Problem: email is not the partition key
  - Which partition has this email?
  - Must check ALL partitions (scatter-gather)
  
Without secondary index: O(N) partitions scanned
With secondary index: O(1) or O(few) partitions

Local Secondary Indexes

Concept

Each partition maintains its own index for local data.
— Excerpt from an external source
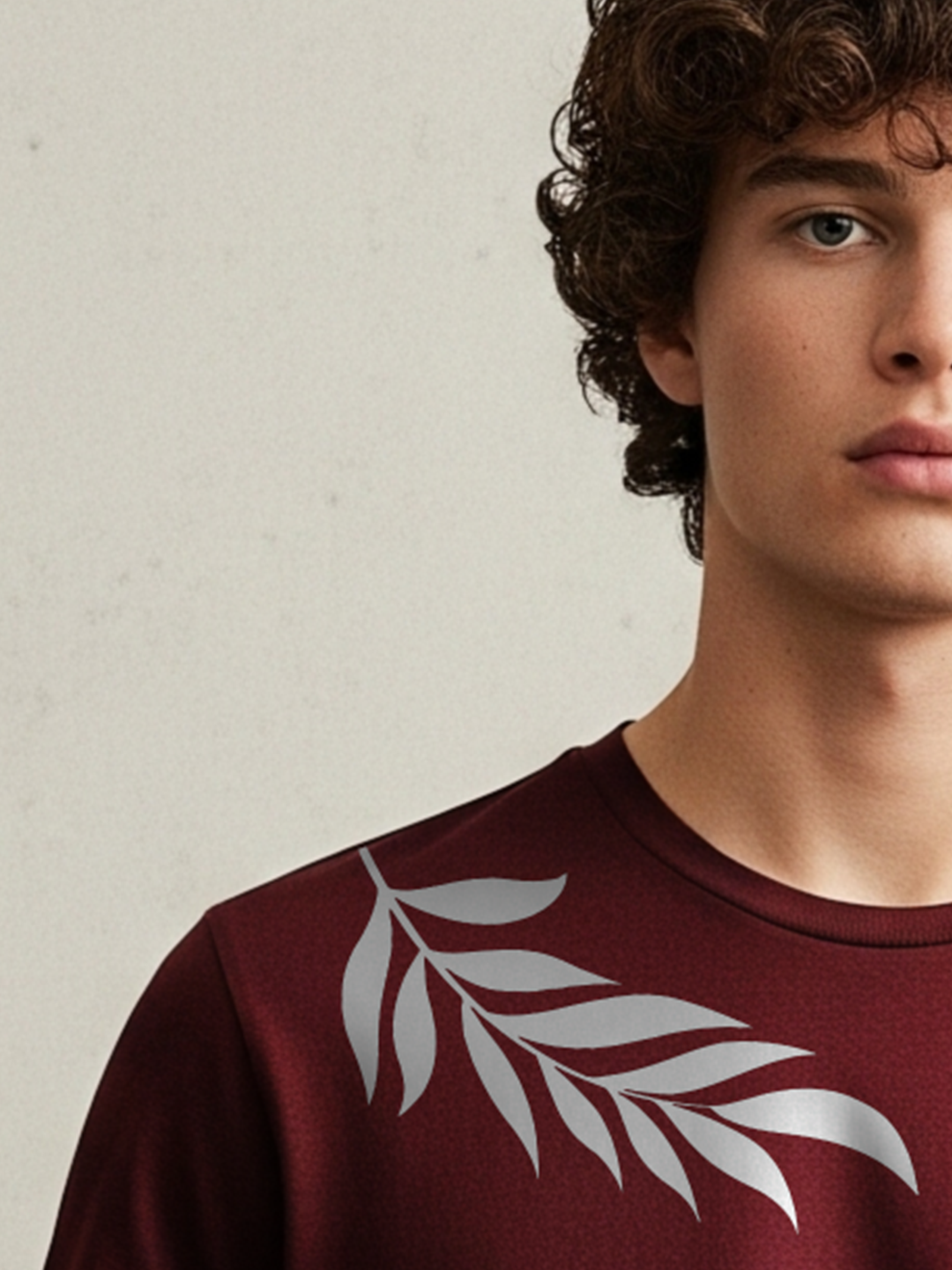 Round Neck Pure Cotton Maroon Regular Fit Graphic Print T-Shirt. Stylish And Comfort. RivenRioOriginal

Partition 1:                    Partition 2:
┌─────────────────────────┐    ┌─────────────────────────┐
│ Data:                   │    │ Data:                   │
│  user_id=1, email=a@x   │    │  user_id=1001, email=d@x│
│  user_id=2, email=b@x   │    │  user_id=1002, email=e@x│
│  user_id=3, email=c@x   │    │  user_id=1003, email=f@x│
│                         │    │                         │
│ Local Index (email):    │    │ Local Index (email):    │
│  a@x → user_id=1        │    │  d@x → user_id=1001     │
│  b@x → user_id=2        │    │  e@x → user_id=1002     │
│  c@x → user_id=3        │    │  f@x → user_id=1003     │
└─────────────────────────┘    └─────────────────────────┘

Write Path

INSERT user (id=1500, email='new@example.com')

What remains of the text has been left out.